TASK DIRECTIONS: Among the lines of this material, find those holding the word "will" and report how many there are, with nothing added.

TASK DATA:
━━━━━━━━━━━━━━━━━━━━━━━━━━━━━━
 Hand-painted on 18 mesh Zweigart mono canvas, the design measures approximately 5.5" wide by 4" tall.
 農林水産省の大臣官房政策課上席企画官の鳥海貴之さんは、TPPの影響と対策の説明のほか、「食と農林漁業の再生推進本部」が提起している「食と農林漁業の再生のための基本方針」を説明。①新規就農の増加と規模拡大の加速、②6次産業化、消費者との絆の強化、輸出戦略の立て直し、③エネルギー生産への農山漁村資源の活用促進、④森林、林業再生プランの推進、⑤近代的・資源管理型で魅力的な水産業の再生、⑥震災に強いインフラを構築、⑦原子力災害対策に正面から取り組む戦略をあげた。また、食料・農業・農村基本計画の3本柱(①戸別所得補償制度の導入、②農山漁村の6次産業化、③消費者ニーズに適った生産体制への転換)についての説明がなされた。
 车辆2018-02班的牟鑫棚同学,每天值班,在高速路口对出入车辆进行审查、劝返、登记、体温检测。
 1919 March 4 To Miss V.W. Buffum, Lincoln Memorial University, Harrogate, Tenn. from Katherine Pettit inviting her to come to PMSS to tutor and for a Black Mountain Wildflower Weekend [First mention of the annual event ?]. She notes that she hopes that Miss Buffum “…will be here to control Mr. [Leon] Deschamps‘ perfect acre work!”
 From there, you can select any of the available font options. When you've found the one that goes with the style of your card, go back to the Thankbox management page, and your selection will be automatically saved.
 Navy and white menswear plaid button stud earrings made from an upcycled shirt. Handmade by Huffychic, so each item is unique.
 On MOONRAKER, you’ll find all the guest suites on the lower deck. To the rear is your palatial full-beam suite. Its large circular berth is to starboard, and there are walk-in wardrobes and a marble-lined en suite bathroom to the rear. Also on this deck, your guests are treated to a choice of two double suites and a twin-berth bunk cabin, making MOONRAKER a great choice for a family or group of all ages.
━━━━━━━━━━━━━━━━━━━━━━━━━━━━━━
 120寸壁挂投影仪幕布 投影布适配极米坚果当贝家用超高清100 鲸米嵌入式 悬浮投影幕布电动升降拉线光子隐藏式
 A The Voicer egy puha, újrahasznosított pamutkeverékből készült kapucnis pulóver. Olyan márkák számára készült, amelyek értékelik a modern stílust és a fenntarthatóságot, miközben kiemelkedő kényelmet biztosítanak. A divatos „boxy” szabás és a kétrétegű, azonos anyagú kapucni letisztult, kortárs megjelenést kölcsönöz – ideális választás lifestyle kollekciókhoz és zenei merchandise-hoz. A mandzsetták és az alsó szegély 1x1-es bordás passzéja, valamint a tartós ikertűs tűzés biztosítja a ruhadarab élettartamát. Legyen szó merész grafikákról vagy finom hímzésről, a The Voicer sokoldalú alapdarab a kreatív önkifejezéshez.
━━━━━━━━━━━━━━━━━━━━━━━━━━━━━━
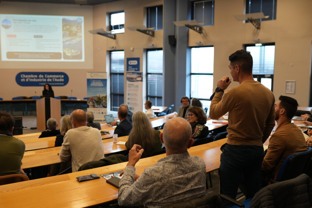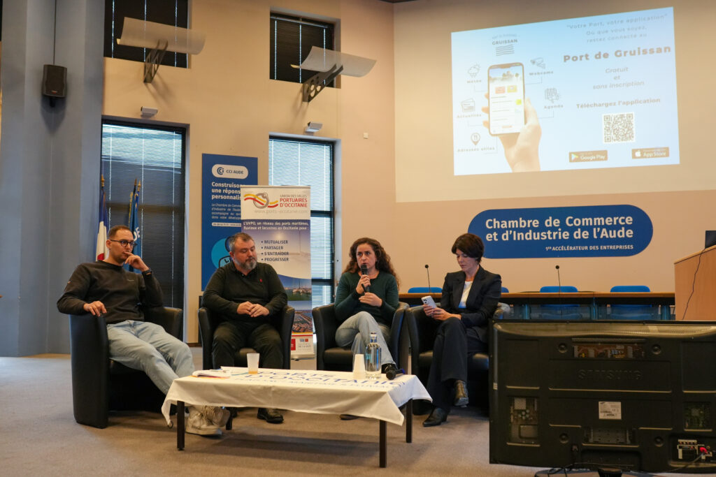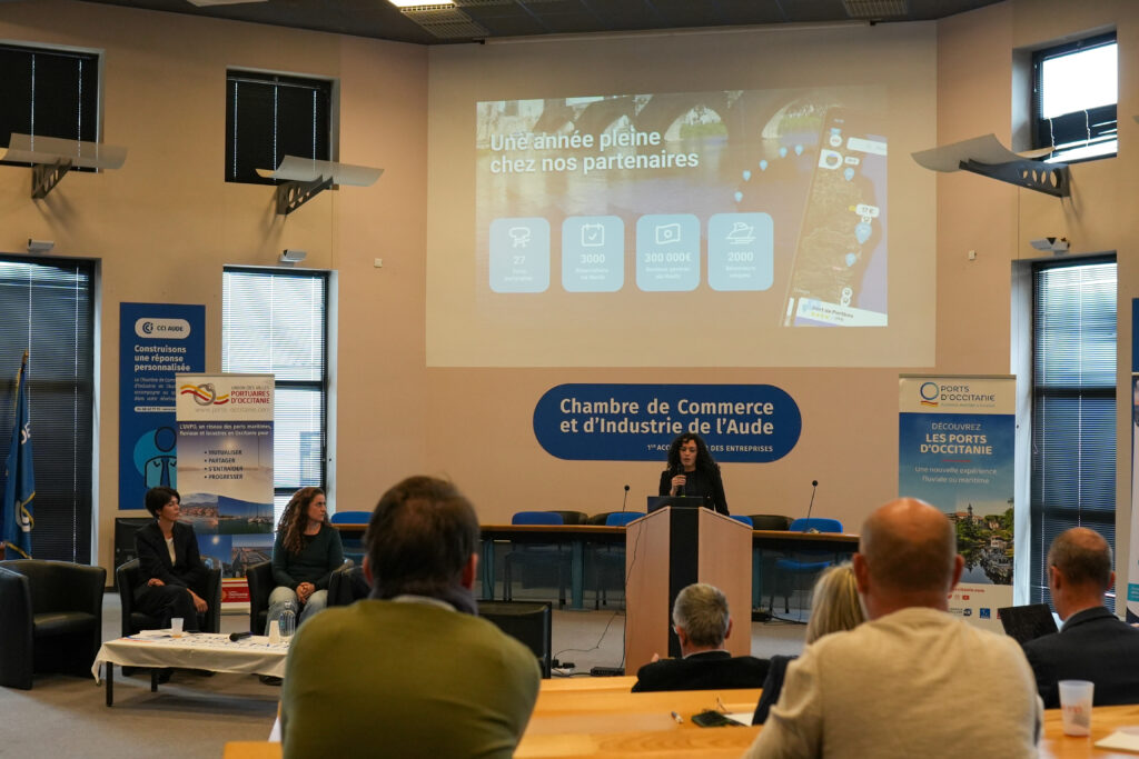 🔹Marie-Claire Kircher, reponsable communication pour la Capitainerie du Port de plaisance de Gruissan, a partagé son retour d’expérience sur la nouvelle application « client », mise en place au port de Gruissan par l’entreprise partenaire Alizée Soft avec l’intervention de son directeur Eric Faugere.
━━━━━━━━━━━━━━━━━━━━━━━━━━━━━━
SOLVED PROBLEM: 2